Michael Baum reports on the survey of system administrators regarding their troubleshooting activities. It is an interesting summary, but something is missing.
There seem to be a lot of questions regarding how the problems are handled now with the predictable answers of base power tools like grep, perl and Ethereal. What I don’t see is any questions on how to fix the problem going forward.
By now we pretty much established that until the developers themselves try to support/troubleshoot their own products in production (or get loud enough feedback), they will not understand how to make their products easier to manage post-deployment.
The surveys of the how do you deal with it now kind should always include questions on why commercial solutions are not suitable (usually due to installation/license difficulties) and also what the companies creating the products could do to make things easier in a long run.
I know some companies slowly do it on their own (e.g. dTrace from Sun), but I think, if backed by organisations such as LOPSA or NaSPA, the progress might have been faster. After all, by now we have pretty much established that the problems will not go away by themselves, but - if anything - will get worse.

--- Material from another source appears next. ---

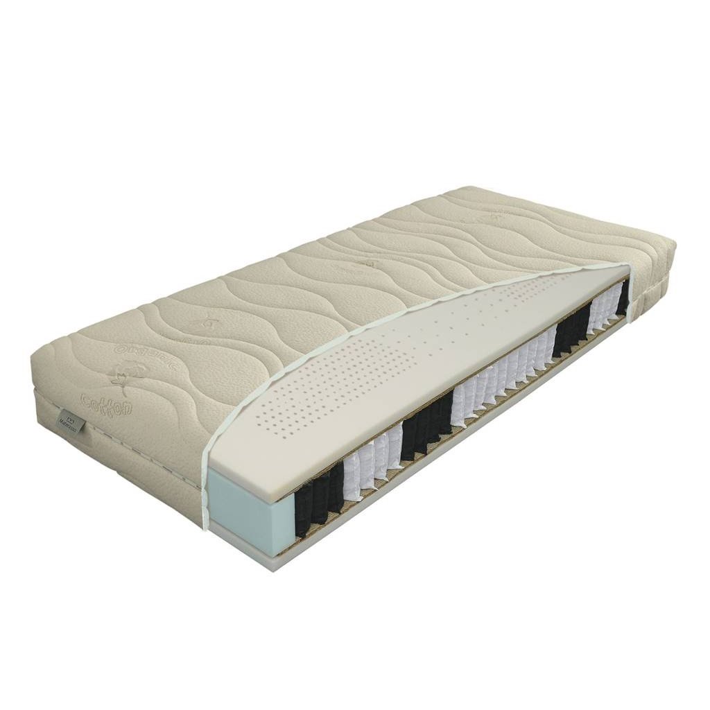 Taštičková matrace NATURA HYDROLATEX T4 je velmi luxusní taštičková matrace se 7 anatomickými zónami, která skýtá dokonalou oporu celému tělu. Jádro je tvořeno taštičkovými pružinami, které jsou uložené v netkané textilii. V kombinaci s luxusní, perforovanou pěnou hydrolatex je zaručena vynikající vzdušnost matrace, což je zárukou zdravého a komfortního spánku. Chráničem pružiny je Seacelové vlákno.Vrchní a spodní deska je z pěny HYDROLATEX. Matrace je dvoutuhostní - střední a tvrdší tuhost. Středně tvrdá deska má chranič pružiny z přírodního SEACELL vlákna. Tvrdší deska má chránič pružiny z přírodního kokosového vlákna.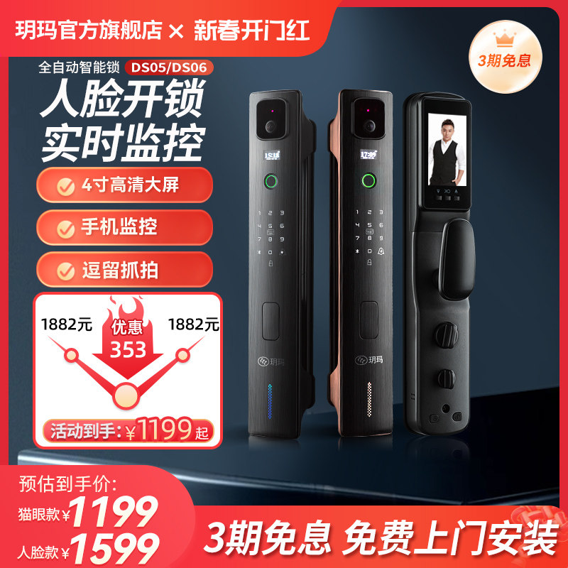 玥玛指纹锁密码家用防盗门全自动人脸识别智能锁十入户大门锁品牌

And if the System Administrators want to join forces with other technical people running into the same problems, they should pay more attention to technical support people as well as to forensic analysts. Both of these groups also have to deal with finding a needle of important information in a mountain of obscure, disjointed, overwhelming data. The progress in the area of forensic analysis tools is especially fast these days, as it is driven by the very high profile security concerns (most of the February issue of Communications of the ACM is about this very topic).
BlogicBlogger Over and Out